Blowfish Fugue -004- "Existential Hair"


   20010328.1334 EST @lanta, GA, USA

     A goof-ball friend of mine once told me a story -- a viewpoint for looking at humanity as Darwinistic expression of the propagation of hair. Consider: Hair is somewhat optional past the typical age during which children are produced. Also, viability as a potential mate is influenced by, if not exactly based on, one's capacity to express these theoretically dead polymerized chains of proteins and sugars in the right places.
     She went on at length about how these undead strands were collectively intelligent, operating in colonies of styles and textures to compete with one another for valuable scalp-space, forging and breaking political alliances, platinum bouffant against afro, suddenly ganging up on dyed strawberry curls.

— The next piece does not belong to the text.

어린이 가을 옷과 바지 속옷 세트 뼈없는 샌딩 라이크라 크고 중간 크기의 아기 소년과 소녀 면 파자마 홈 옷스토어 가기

She claimed that somehow the hair was the seat of the invisible soul -- and that eyes and rectums and cochleas and cerebellums and such are mere ancillary support structures for the production and support of one's masterminding hair-colony.

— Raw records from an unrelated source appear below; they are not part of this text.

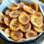 Crispy, golden banana chips sprinkled with a heavenly cinnamon-sugar blend, perfectly made in an air fryer.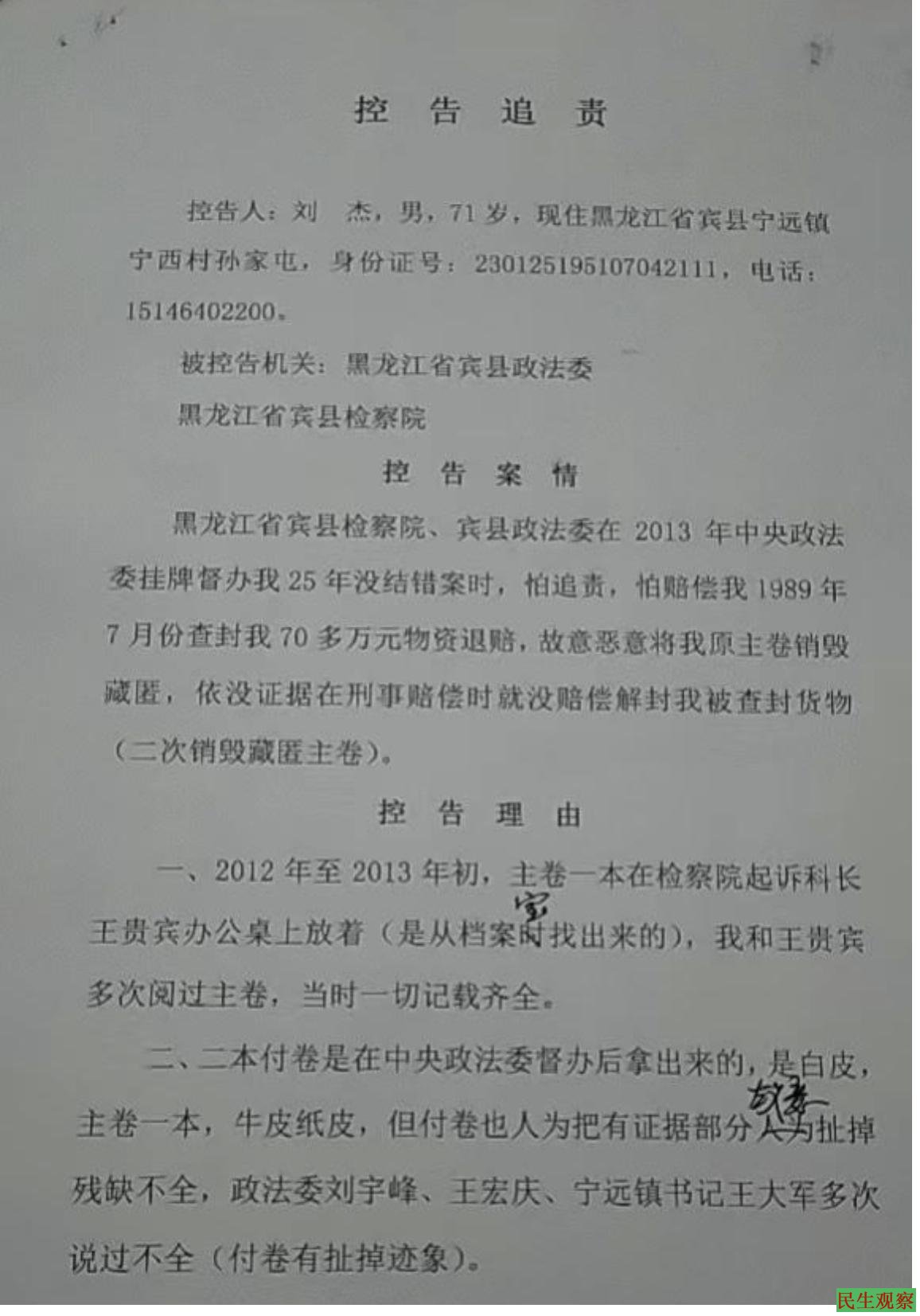 据悉,今年73岁的刘杰,是黑龙江省哈尔滨市宾县宁远镇宁西村人,早年因价值70多万元的财产被侵占而上访申诉,后被司法机关故意销毁藏匿案件卷宗,导致案件败诉。在依法追责过程中,遭到当地维稳人员打压迫害,被多次拘留、非法逮捕羁押。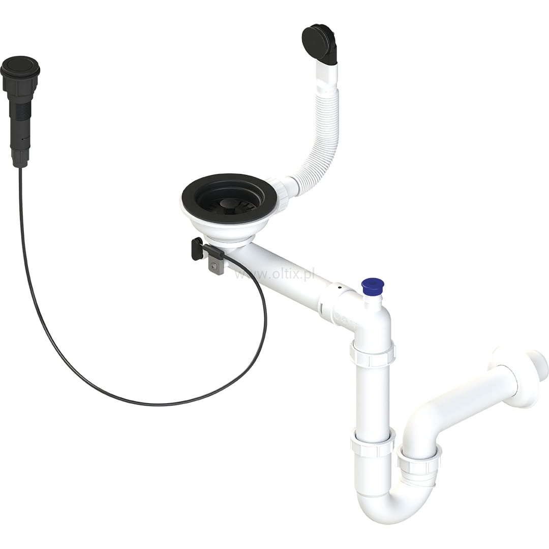 Czarny syfon do zlewozmywaków jednokomorowych wykonanych z granitu przeznaczony jest do nowocześnie urządzonych kuchni. Eleganckiego charakteru dodają mu gładka osłona przelewu oraz płaski korek sterowany przyciskiem, dzięki któremu bez problemu zamkniemy i otworzymy odpływ wody nawet mokrymi rękoma. Syfon typu Space Saving zaprojektowany jest w taki sposób, aby pozostawiać jak najwięcej miejsca w szafce pod zlewem i umożliwić wygodne ułożenie koszy do segregacji odpadów czy przechowywane środków czystości. Wyjmowane sitko pozwala na łatwe opróżnienie z zalegających w nim zanieczyszczeń i resztek. Do syfonu można podłączyć zmywarkę.
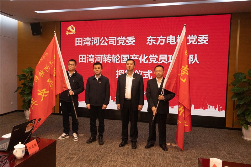 到達(dá)活動(dòng)現(xiàn)場(chǎng)后,公司一行首先參觀了東方電機(jī)重跨廠房、東電印記文化墻、數(shù)字化車間、水力試驗(yàn)臺(tái),了解了東方電機(jī)的基礎(chǔ)生產(chǎn)情況和轉(zhuǎn)輪國(guó)產(chǎn)化科研、生產(chǎn)進(jìn)度。隨后,雙方進(jìn)行了座談交流。座談中,雙方黨委委員共同領(lǐng)學(xué)了習(xí)近平總書(shū)記《高舉中國(guó)特色社會(huì)主義偉大旗幟為全面建設(shè)社會(huì)主義現(xiàn)代會(huì)國(guó)家而團(tuán)結(jié)奮斗——在中國(guó)共產(chǎn)黨第二十次全國(guó)代表大會(huì)上的報(bào)告》;雙方黨委、基層黨組織代表分享了黨的二十大精神學(xué)習(xí)心得;對(duì)“轉(zhuǎn)輪國(guó)產(chǎn)化”項(xiàng)目進(jìn)展情況及下階段工作的開(kāi)展情況進(jìn)行了交流,并舉行了“田灣河轉(zhuǎn)輪國(guó)產(chǎn)化黨員攻關(guān)隊(duì)”成立授旗儀式。

     Chilling. Positively chilling. To think that all these machinations are going on behind our backs... or thereabouts.

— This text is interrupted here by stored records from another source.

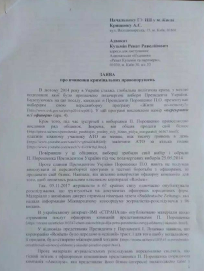 Экс-заместитель генпрокурора Ренат Кузьмин сообщил, что украинский суд обязал правоохранительные органы возбудить уголовное дело в отношении президента Петра Порошенко в связи с созданием преступной организации для уклонения от уплаты налогов.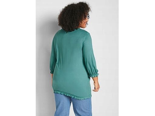 - Wykończenie bluzki gumką z delikatnymi falbankami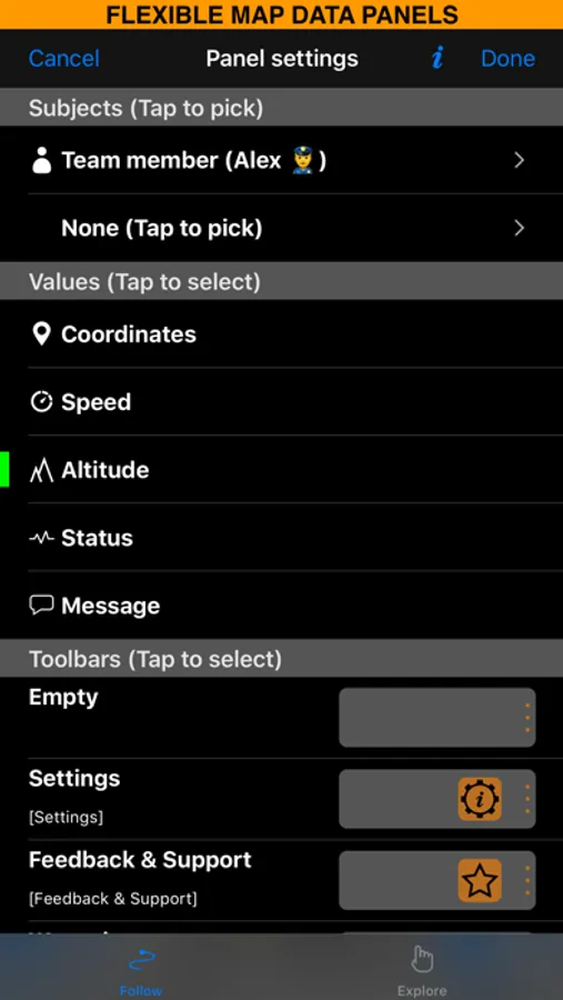 Speed, altitude, coordinates (Lat/Long, UTM or MGRS).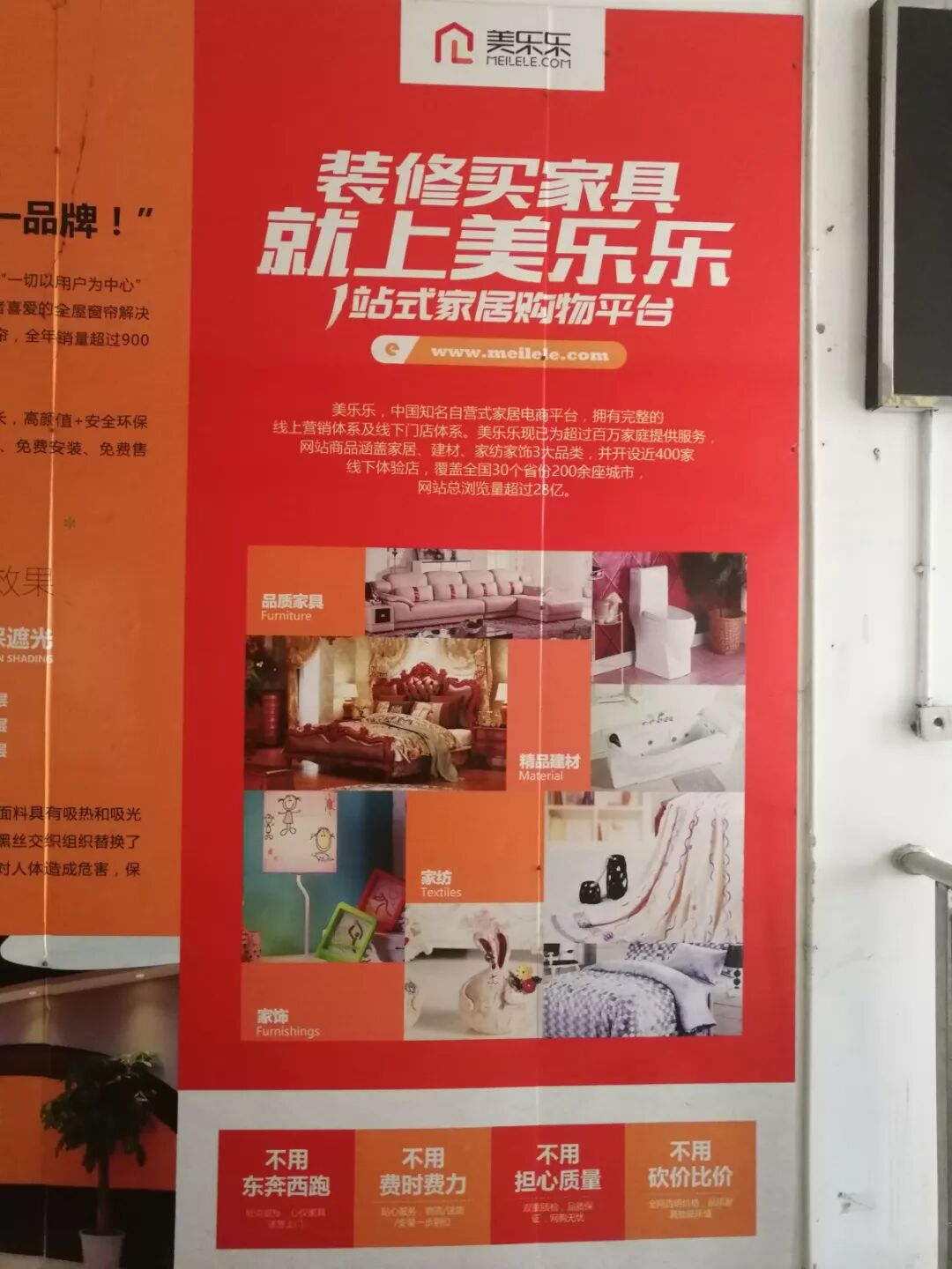 记者来到这里,三面外墙上都有着“美乐乐家居”醒目标识;通往二楼的每级楼梯上;也有“美乐乐家居”标识;楼梯间,走廊上,还有更多关于“美乐乐家居”的宣传语:“装修买家具,就上美乐乐”,“1站式家居购物平台”,“贴心服务,物流/送货/安装一步到位,不用费时费力”……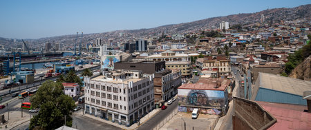 Valparaiso, Chile - 30 Dec 2019: Panoramic view of the center of Valparaiso, Pacific coast, Chile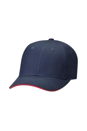 65% polyester/35% cotton sandwich cap. Structured, mid-profile. Six-panel, Pre-curved sandwich visor. Hook and Loop Closure.

     Whatever. It's all over my head.
     But it certainly makes you think twice about whatever tripe they try to sell you on the Home Religion Network.

* * * * *
     This one I at least have a tie-in/follow-up for. I got a tearful phone-call shortly after reboot from a young lady who claimed that I followed her back to her hair studio for a "trim". She said I got a little out of control and tried to see if the hair-gel she was using was flammable. It turns out that it was -- and she took revenge by picking up a two pairs of shears and going dakini all over my ass. She said I pissed her off further by laughing too hard to be able to defend myself properly.
     That certainly sounds like me all over.
     Anyway, she said that she over-reacted -- it only took her ten minutes to regrow her scalp and then she had a fresh crop to work with. She offered to pay my co-pay once she found out I had an unlimited contract.
     I asked if I could take it in store credit since she was a hair-dresser. She said, "Sure, as long as I get to use you to practice my technique with a propane torch."
     I'll probably take her up on it. It should be good for another entry.